Raw data:

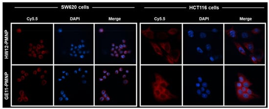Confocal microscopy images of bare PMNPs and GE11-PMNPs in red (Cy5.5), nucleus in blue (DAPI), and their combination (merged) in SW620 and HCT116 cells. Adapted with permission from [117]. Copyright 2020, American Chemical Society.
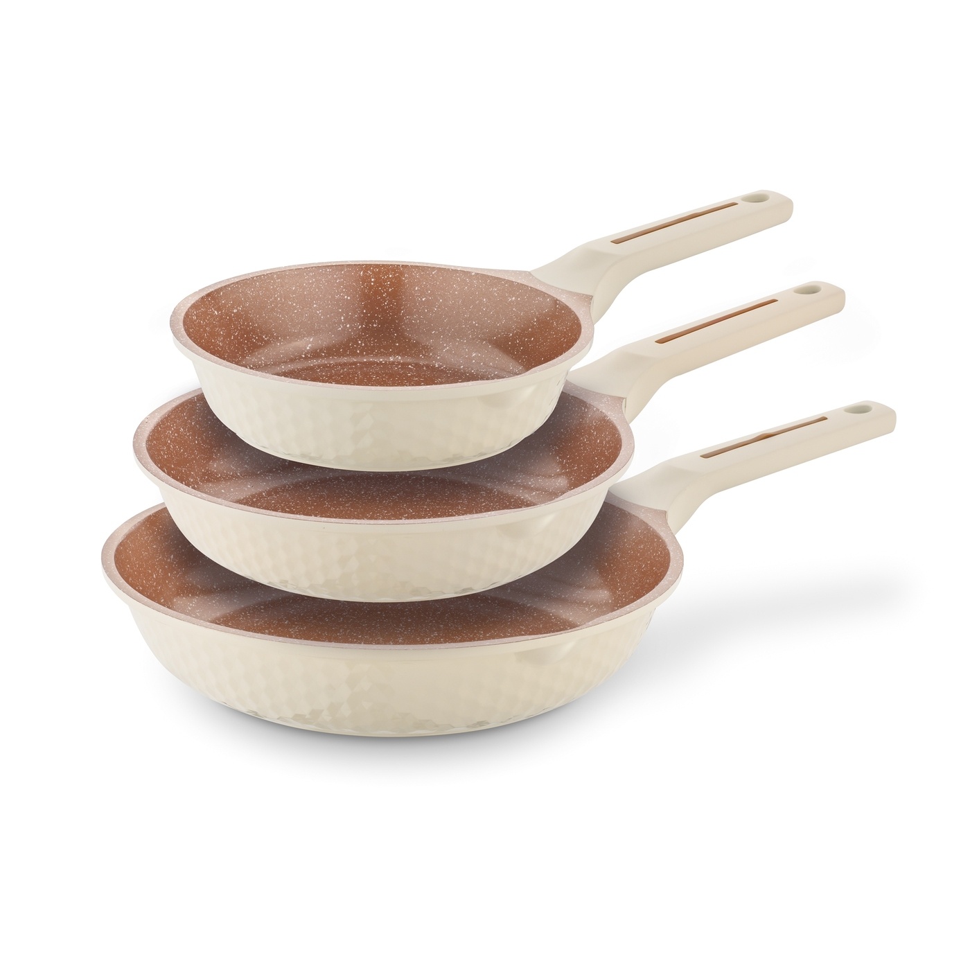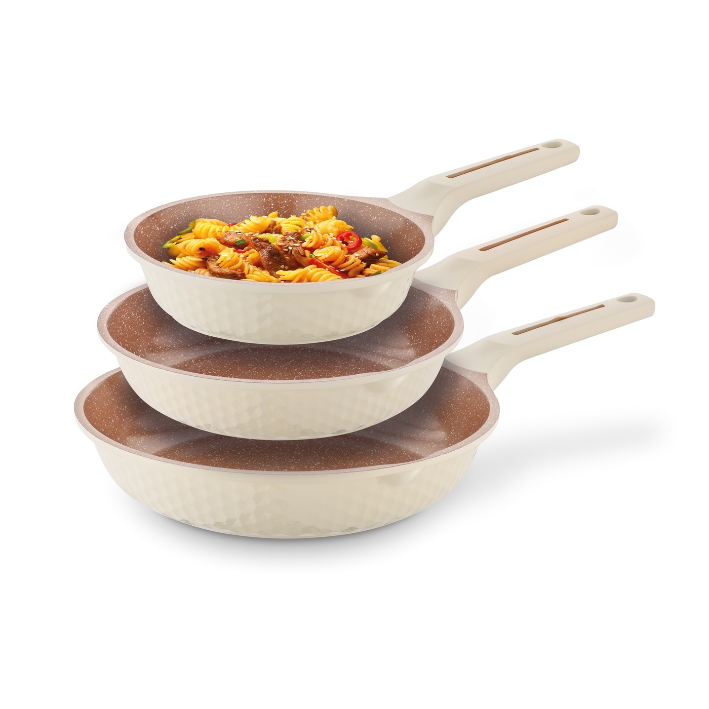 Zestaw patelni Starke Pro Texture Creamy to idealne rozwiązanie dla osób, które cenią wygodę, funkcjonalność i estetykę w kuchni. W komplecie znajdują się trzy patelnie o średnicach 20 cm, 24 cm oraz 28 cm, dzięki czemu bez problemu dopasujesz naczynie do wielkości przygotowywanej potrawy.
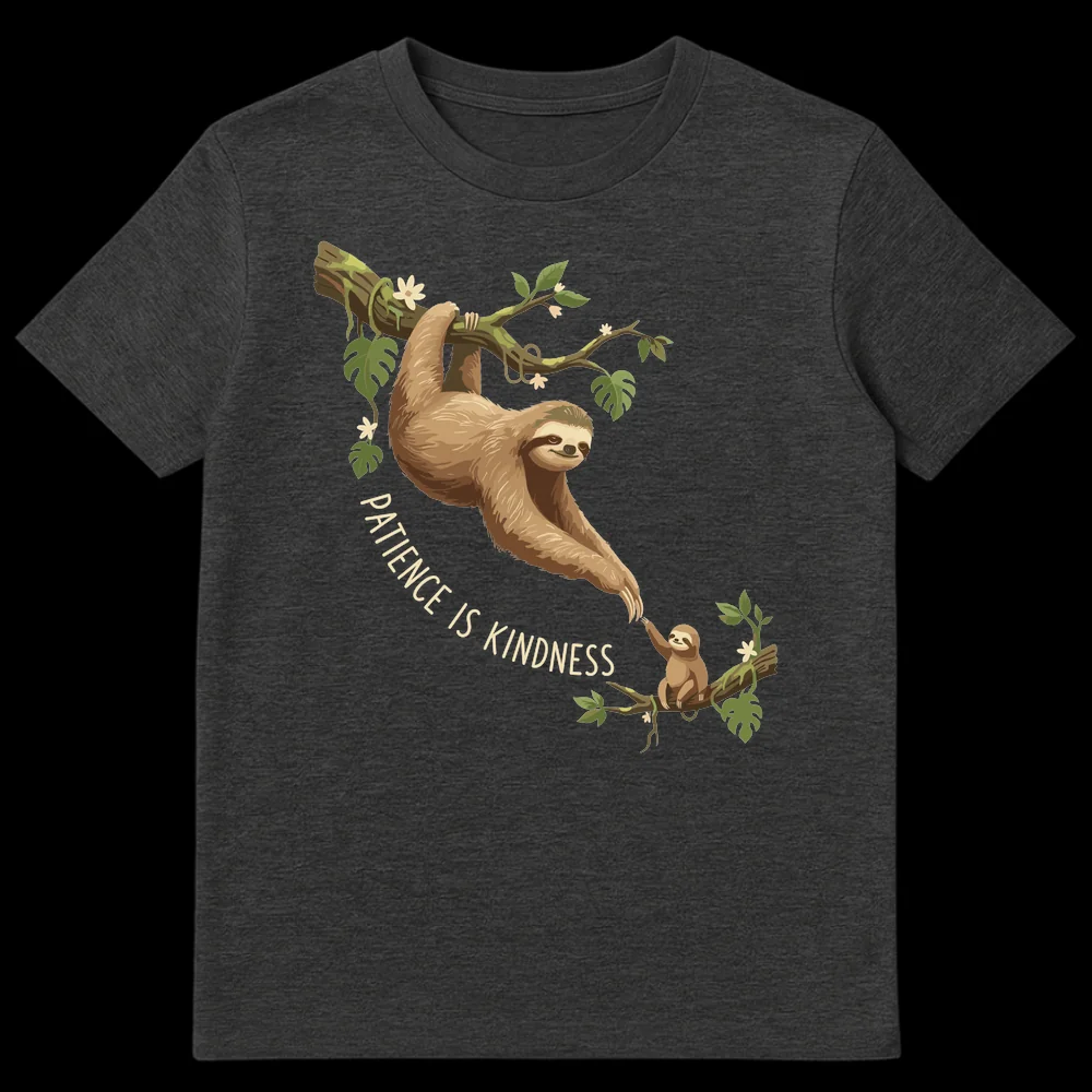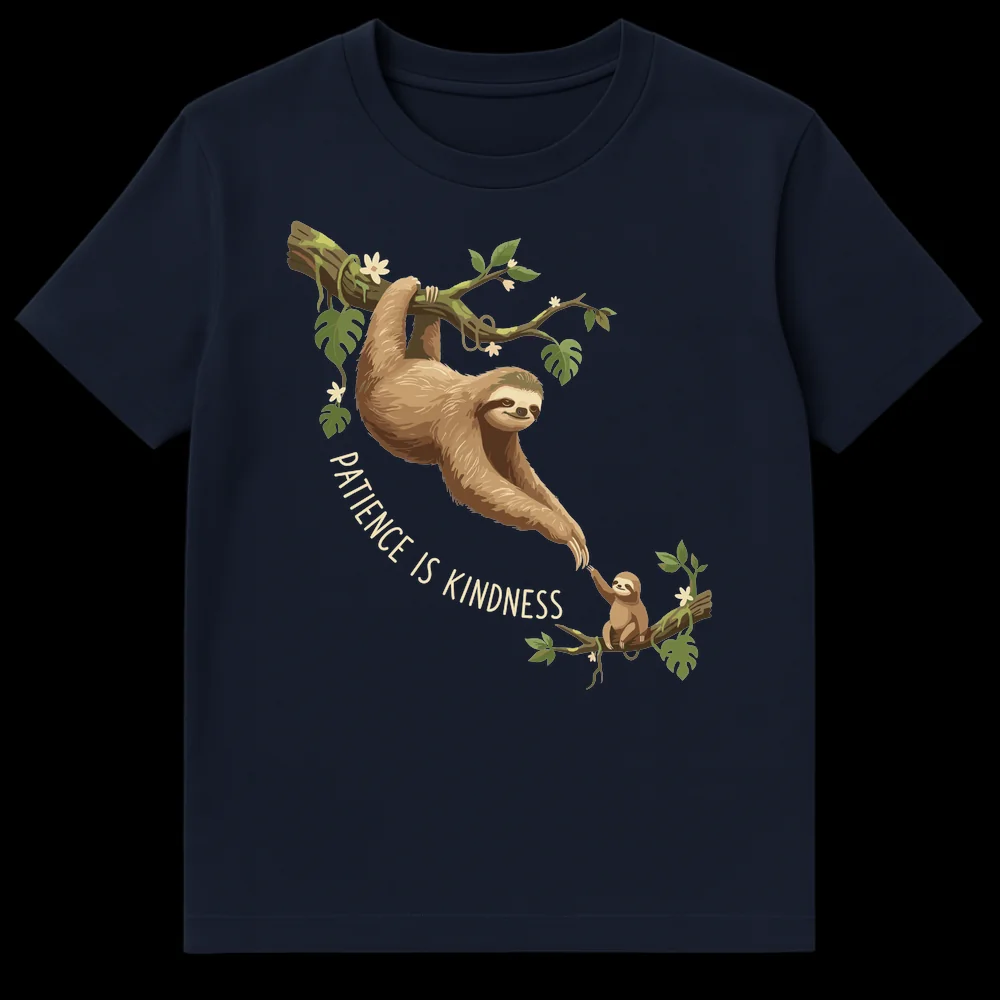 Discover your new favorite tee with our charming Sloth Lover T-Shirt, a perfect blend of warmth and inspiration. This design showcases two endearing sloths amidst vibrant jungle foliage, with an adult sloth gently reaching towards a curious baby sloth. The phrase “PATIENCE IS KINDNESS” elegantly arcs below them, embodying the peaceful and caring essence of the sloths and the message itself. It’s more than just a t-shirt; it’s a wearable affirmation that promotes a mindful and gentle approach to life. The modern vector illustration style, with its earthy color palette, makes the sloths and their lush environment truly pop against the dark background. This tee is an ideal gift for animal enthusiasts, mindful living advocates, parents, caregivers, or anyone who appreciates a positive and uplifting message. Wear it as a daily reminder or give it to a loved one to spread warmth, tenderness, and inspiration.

Problem:
Would you retype exactly the lines running from the line that contains "Zestaw patelni Starke" through the end of the listing above, both included? Skip every picture.

Answer to this task:
 Zestaw patelni Starke Pro Texture Creamy to idealne rozwiązanie dla osób, które cenią wygodę, funkcjonalność i estetykę w kuchni. W komplecie znajdują się trzy patelnie o średnicach 20 cm, 24 cm oraz 28 cm, dzięki czemu bez problemu dopasujesz naczynie do wielkości przygotowywanej potrawy.
 Discover your new favorite tee with our charming Sloth Lover T-Shirt, a perfect blend of warmth and inspiration. This design showcases two endearing sloths amidst vibrant jungle foliage, with an adult sloth gently reaching towards a curious baby sloth. The phrase “PATIENCE IS KINDNESS” elegantly arcs below them, embodying the peaceful and caring essence of the sloths and the message itself. It’s more than just a t-shirt; it’s a wearable affirmation that promotes a mindful and gentle approach to life. The modern vector illustration style, with its earthy color palette, makes the sloths and their lush environment truly pop against the dark background. This tee is an ideal gift for animal enthusiasts, mindful living advocates, parents, caregivers, or anyone who appreciates a positive and uplifting message. Wear it as a daily reminder or give it to a loved one to spread warmth, tenderness, and inspiration.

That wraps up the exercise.